11.9 All these high power motors are different sizes. How do I hold them in? What do I use for a motor block and where should I put it?

From: jackson@sn3.jsc.nasa.gov (Al Jackson)
For mounting and retaining HPR motors I have this suggestion, especially
with PML models. See if you can let a good one inch of motor mount
protrude from bottom of model. Then when using a reload motor, besides
using a tape friction fit, put a wrapping of strapping tape around the
end enclosure and wrapped also around the piece of motor mount sticking
out.

From: jjirvine@aol.com (Jerry Irvine)
Perhaps i'm just tired of seeing people reinvent the wheel to
non-round shapes, but I have found that:
1. There is no need for thrust rings inside rockets of any power or
weight. The application of a masking tape thrust ring on the nozzle
end of the motor of adequate width for motor thrust is always
adequate, to the point where a fiberglass or metal one is better.
a. 1/4" wide masking tape is often used for 1/4A-F motors with
thrust levels under 40 newtons.
b. 1/2" wide masking tape is often used for 1/4A-J motors with
thrust under 200 newtons.
c. 3/4" wide masking tape is often used for F-K motors with thrust
under 600 newtons.
d. 1" up to 1000 newtons, 1.5" up to 2000 newtons, then above that
a structural ring at the rear of the motor.
2. With the above system one can add an external motor hook with NO
protruding rear thrust block, extended out the rear the exact width
of the masking tape you most prefer.
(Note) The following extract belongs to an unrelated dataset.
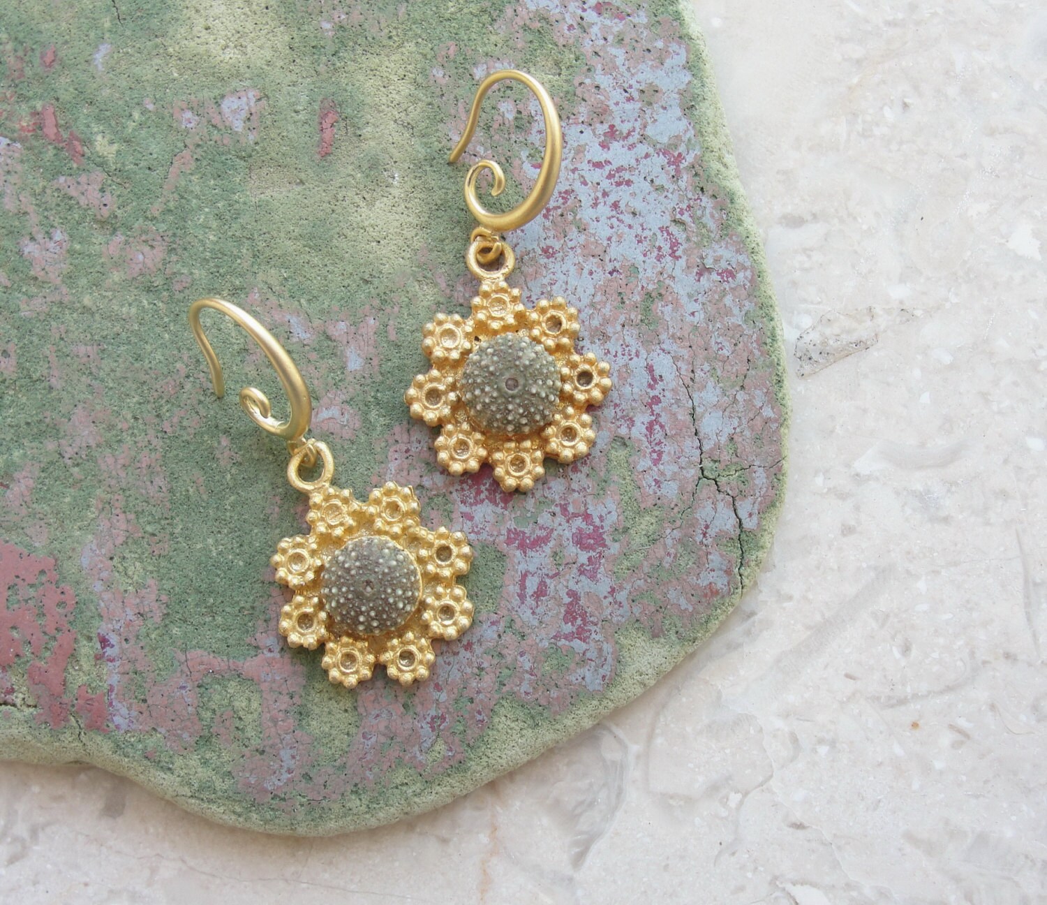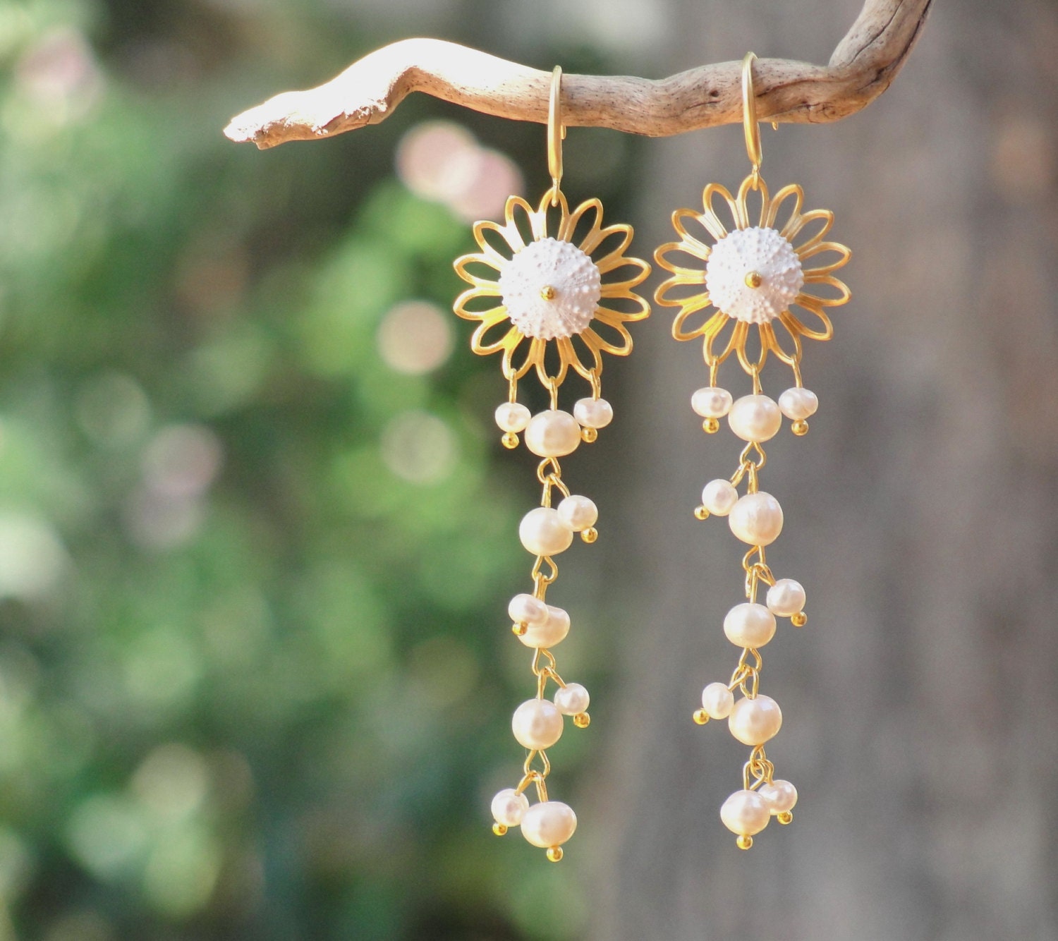 Bridal Pearl Earrings Sea Urchin Earrings Gold plated

The hook should typically be
metallic and bonded to the outside with epoxy for maximum strength
and instead of protruding hooks, they can fan out to the side for
better bonding strength.

From: kaplowro@hccompare.com (Bob Kaplow):
You want to install blind nuts on the BACK side of the aft centering ring,
before the mount is installed in the rocket. That way it can't pull thru.
[Epoxy a little around them] to hold them in place when not bolted in. The
screws go into these threaded holes, and hold in whatever clip you are
using. I personally prefer cap screws and an allen wrench to machine screws
and a flat blade screwdriver. The allen wrench holds the screw while I'm
installing it at a funny angle.

From: bmcdermo@ix.netcom.com (Buzz mcDermott):
You can use blind nuts (also called T-nuts), available from many hobby
shops and most hardware stores. Two or three size 4-40 work fine for
up to 38mm motor mounts. For anything bigger I would use two or three
size 6-32 nutes. For three and four motor clusters that don't have a
central motor you can expoxy a balsa or spruce strip into the central
gap between the motors. Drill a 1 inch deep hole in the exposed end of
the strip appropriate for epoxying in a 2.5 inch length of 1/8" threaded
rod. Use a washer and nut to retain all three or four motors from a
central point.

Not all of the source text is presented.